One final thought on being strategic: We need to pay special attention to ways in which we can collaborate and integrate our efforts with others. Because the slope we need to climb as we seek to create a more decent life and world is so steep, we can’t take the easy, more comfortable route of pursuing our special passions only; offering little or no support to other vitally important initiatives.

  1. Be fully committed; “all in.”

Joseph Stalin was a mass murderer, responsible for the death of 60 million people. Jesus, an exemplary person, has been an inspiration to countless millions. But they were both radicals – and in one respect their message was identical.

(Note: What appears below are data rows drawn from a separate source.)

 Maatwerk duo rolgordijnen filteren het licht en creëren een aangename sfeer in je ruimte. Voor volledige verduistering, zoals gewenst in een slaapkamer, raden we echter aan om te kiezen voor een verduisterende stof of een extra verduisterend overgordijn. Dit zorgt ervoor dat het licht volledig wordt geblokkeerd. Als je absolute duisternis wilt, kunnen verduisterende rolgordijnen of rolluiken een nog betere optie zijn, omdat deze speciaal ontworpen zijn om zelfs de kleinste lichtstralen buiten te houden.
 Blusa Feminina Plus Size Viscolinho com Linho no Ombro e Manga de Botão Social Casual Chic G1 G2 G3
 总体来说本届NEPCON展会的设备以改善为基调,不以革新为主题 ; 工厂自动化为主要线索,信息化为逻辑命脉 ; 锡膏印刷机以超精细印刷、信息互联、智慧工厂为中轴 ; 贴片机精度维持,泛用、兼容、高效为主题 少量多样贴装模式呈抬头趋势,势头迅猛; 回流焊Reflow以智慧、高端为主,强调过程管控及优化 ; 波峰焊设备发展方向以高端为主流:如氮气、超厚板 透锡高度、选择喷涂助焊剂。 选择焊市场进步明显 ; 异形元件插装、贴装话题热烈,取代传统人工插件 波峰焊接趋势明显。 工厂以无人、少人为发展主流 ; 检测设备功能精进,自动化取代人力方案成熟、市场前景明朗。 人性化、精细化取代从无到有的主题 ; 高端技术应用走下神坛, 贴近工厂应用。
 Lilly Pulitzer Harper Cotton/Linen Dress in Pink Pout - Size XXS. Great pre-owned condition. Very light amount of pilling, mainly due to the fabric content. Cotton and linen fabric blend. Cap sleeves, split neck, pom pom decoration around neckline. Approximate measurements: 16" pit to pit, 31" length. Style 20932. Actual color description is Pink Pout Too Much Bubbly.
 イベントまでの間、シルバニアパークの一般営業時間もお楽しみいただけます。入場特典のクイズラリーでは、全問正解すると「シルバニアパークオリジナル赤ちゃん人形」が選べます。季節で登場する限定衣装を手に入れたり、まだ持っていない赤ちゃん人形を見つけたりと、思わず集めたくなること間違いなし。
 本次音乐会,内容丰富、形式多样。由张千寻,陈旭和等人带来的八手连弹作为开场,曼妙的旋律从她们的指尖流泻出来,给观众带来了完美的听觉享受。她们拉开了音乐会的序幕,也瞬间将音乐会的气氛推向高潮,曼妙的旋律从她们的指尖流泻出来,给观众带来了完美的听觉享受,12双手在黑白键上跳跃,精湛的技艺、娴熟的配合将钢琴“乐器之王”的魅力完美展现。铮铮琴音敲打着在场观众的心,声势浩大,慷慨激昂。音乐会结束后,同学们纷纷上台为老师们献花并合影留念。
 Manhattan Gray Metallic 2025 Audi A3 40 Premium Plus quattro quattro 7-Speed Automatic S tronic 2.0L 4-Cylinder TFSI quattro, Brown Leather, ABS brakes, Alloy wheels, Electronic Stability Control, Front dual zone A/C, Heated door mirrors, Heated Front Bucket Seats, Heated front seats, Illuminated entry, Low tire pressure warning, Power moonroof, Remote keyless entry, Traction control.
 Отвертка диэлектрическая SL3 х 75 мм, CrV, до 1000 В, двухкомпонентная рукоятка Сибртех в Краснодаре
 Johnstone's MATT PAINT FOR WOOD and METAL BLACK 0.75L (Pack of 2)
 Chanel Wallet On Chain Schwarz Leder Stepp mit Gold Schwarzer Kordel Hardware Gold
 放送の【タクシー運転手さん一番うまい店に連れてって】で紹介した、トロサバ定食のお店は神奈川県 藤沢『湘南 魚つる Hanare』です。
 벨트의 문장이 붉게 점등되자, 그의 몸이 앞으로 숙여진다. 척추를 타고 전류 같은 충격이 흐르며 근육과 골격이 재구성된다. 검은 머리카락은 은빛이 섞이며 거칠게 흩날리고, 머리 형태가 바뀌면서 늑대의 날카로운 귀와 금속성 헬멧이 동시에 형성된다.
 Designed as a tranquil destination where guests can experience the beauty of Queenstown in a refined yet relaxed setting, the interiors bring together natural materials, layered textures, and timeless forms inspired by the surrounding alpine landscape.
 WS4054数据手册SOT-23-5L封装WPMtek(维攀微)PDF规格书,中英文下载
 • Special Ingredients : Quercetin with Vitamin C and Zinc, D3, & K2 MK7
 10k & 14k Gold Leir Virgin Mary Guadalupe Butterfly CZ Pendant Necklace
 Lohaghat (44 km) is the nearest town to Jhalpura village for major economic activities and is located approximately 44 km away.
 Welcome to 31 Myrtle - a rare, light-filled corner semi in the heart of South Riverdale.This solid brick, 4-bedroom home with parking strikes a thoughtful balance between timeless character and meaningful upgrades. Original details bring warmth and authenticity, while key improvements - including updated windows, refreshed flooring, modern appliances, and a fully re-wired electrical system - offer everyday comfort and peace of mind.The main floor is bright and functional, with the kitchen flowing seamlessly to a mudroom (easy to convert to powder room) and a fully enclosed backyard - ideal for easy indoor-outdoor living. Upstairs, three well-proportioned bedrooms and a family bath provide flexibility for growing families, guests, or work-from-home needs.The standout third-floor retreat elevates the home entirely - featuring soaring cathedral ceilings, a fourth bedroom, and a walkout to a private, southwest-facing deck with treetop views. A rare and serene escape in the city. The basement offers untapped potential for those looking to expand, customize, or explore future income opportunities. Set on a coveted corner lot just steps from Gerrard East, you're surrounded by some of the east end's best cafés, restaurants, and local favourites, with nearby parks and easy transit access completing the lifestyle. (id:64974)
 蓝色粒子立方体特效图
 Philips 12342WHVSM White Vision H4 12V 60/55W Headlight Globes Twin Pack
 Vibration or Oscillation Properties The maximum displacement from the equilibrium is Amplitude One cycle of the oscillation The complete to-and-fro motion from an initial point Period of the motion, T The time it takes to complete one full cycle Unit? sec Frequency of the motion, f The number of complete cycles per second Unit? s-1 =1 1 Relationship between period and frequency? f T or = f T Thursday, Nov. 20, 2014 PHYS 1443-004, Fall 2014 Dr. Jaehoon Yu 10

When a wealthy man asked Jesus what he needed do to get eternal life, His response was: Give your possessions to the poor and follow me. Similarly, after the collapse of the 1905 revolution, when so many of his compatriots got married and found jobs, Stalin railed in frustration: “You cannot be a householder and a revolutionary.”

Being “all in” is a tough discipline as the Bible recognizes when it reports that the rich man went away sad. But Jesus and Stalin were right. If you conclude that fundamental change is needed you cannot commit yourself to the process halfway. You have to be willing to risk all: As Jesus did when he entered Jerusalem with his radical, anti-establishment message; and as Lenin and Stalin did in their years of beleaguered organizing and, at the decisive moment, when they stormed the Winter Palace.

Doing so in the context of Radical Decency presents special challenges. Unlike so many other radical movements, it is not exclusive or rejectionist. Instead, it counsels us to find ways of living in the world as it is – an essential aspect of decency to self – while, at the same time, actively making choices that foster greater decency in our immediate environments and in the world. Given this approach, the philosophy usually unfolds quietly, in the privacy of our day-by-day, moment-by-moment choices.

This means that many of the choices that truly put us “all in” will be invisible to everyone except us. It also makes it easy to fake it, since there is nothing to stop us from doing the easier stuff even as we quietly neglect the necessary but more uncomfortable decency choices.

The bottom line in all of this? Being fully committed – being “all in” – requires a lot of discipline and self -accountability. As with so many other aspects of the philosophy, its demands are enormously challenging – worth pursuing only because the potential rewards are commensurate with the demands.